• **Provided material**
++++++++
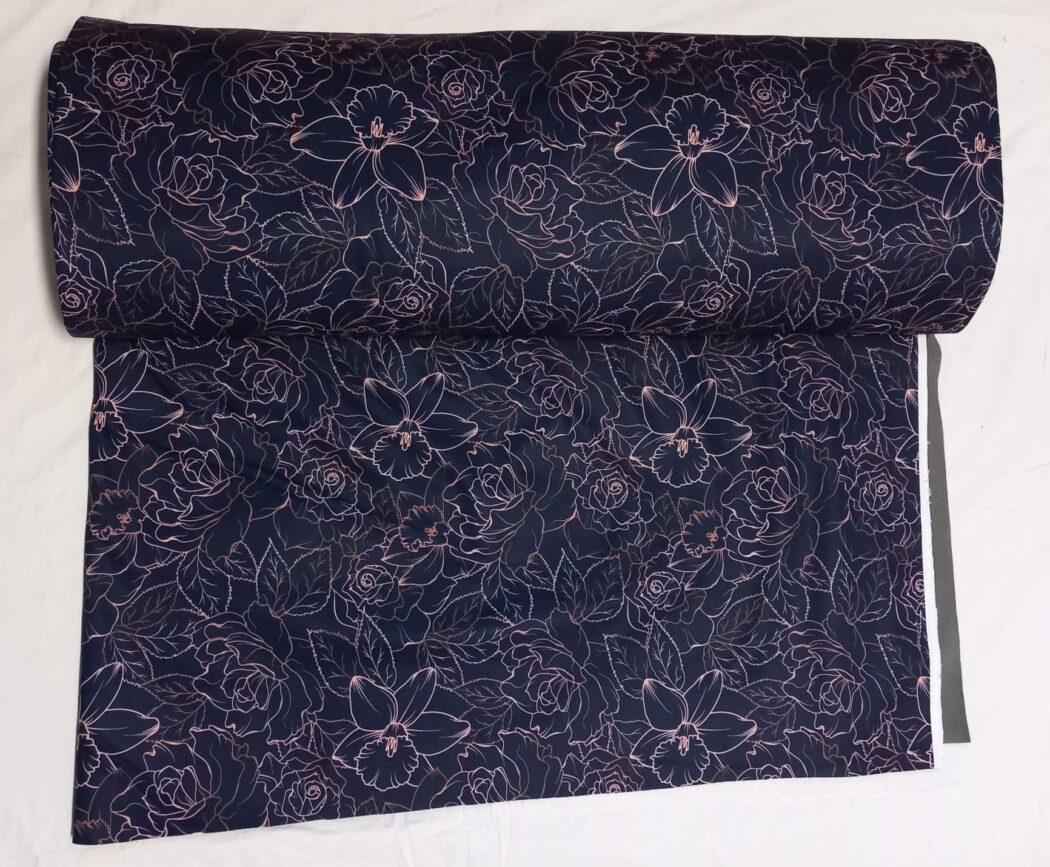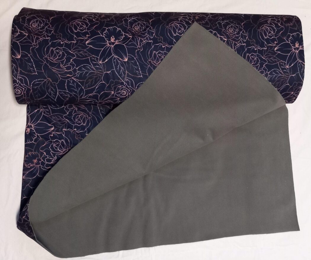 Entdecken Sie unseren hochwertigen Nano-Softshell Stoff mit einem bezaubernden Blumenmuster in Marine. Der Stoff präsentiert sich mit einer eleganten Kombination aus dunklem Marineblau als Grundton und feinen, rosafarbenen Linienzeichnungen von Blüten und Blättern. Mit den Maßen von 1m x 1,45m bietet dieser Polyester-Softshell die perfekte Größe für vielfältige Nähprojekte. Der Stoff zeichnet sich durch seine charakteristische Nano-Softshell-Beschaffenheit aus, die ihn besonders robust und gleichzeitig angenehm weich macht. Ideal für die Herstellung von Jacken, Taschen, Outdoor-Accessoires und anderen strapazierfähigen Projekten. Die maschinelle Reinigung ist problemlos möglich. Der Stoff wird nach Bestellung individuell zugeschnitten und ist nach dem Oeko-Tex Standard 100 geprüft. Die Kombination aus Funktionalität und stilvollem Design macht diesen Stoff zu einer ausgezeichneten Wahl für Ihre nächsten Nähprojekte.
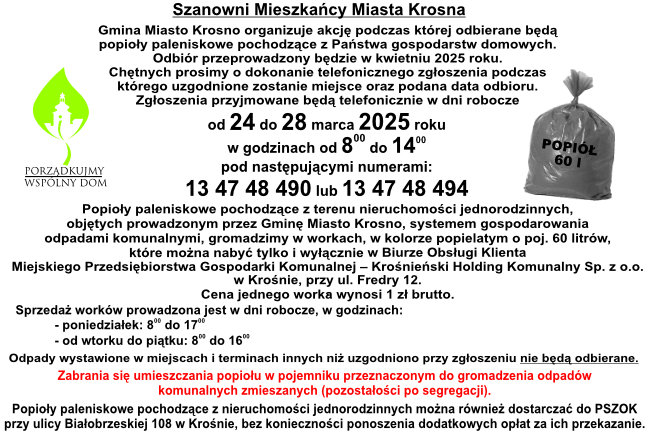Gdzie? Odbiór będzie realizowany z nieruchomości znajdujących się na terenie miasta Krosna. Popioły paleniskowe należy wystawić w workach, w kolorze popielatym o poj. 60 litrów.
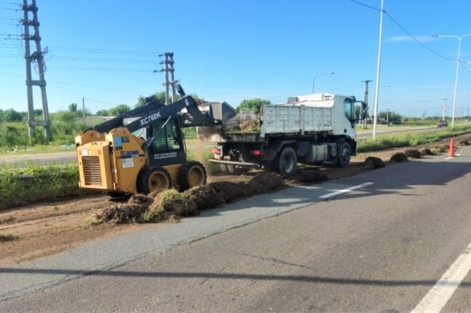 Según se informó, los trabajos apuntan a mejorar el drenaje del agua durante lluvias intensas para evitar acumulaciones sobre la calzada. En paralelo, otro grupo de operarios lleva adelante tareas de desmalezado y despeje de barandas y señalización vial en el mismo tramo de la Circunvalación Oeste.
++++++++
• **Exercise goal**
Print the material again, unchanged, without its pictures.

• **Task output**
 Entdecken Sie unseren hochwertigen Nano-Softshell Stoff mit einem bezaubernden Blumenmuster in Marine. Der Stoff präsentiert sich mit einer eleganten Kombination aus dunklem Marineblau als Grundton und feinen, rosafarbenen Linienzeichnungen von Blüten und Blättern. Mit den Maßen von 1m x 1,45m bietet dieser Polyester-Softshell die perfekte Größe für vielfältige Nähprojekte. Der Stoff zeichnet sich durch seine charakteristische Nano-Softshell-Beschaffenheit aus, die ihn besonders robust und gleichzeitig angenehm weich macht. Ideal für die Herstellung von Jacken, Taschen, Outdoor-Accessoires und anderen strapazierfähigen Projekten. Die maschinelle Reinigung ist problemlos möglich. Der Stoff wird nach Bestellung individuell zugeschnitten und ist nach dem Oeko-Tex Standard 100 geprüft. Die Kombination aus Funktionalität und stilvollem Design macht diesen Stoff zu einer ausgezeichneten Wahl für Ihre nächsten Nähprojekte.
Gdzie? Odbiór będzie realizowany z nieruchomości znajdujących się na terenie miasta Krosna. Popioły paleniskowe należy wystawić w workach, w kolorze popielatym o poj. 60 litrów.
 Según se informó, los trabajos apuntan a mejorar el drenaje del agua durante lluvias intensas para evitar acumulaciones sobre la calzada. En paralelo, otro grupo de operarios lleva adelante tareas de desmalezado y despeje de barandas y señalización vial en el mismo tramo de la Circunvalación Oeste.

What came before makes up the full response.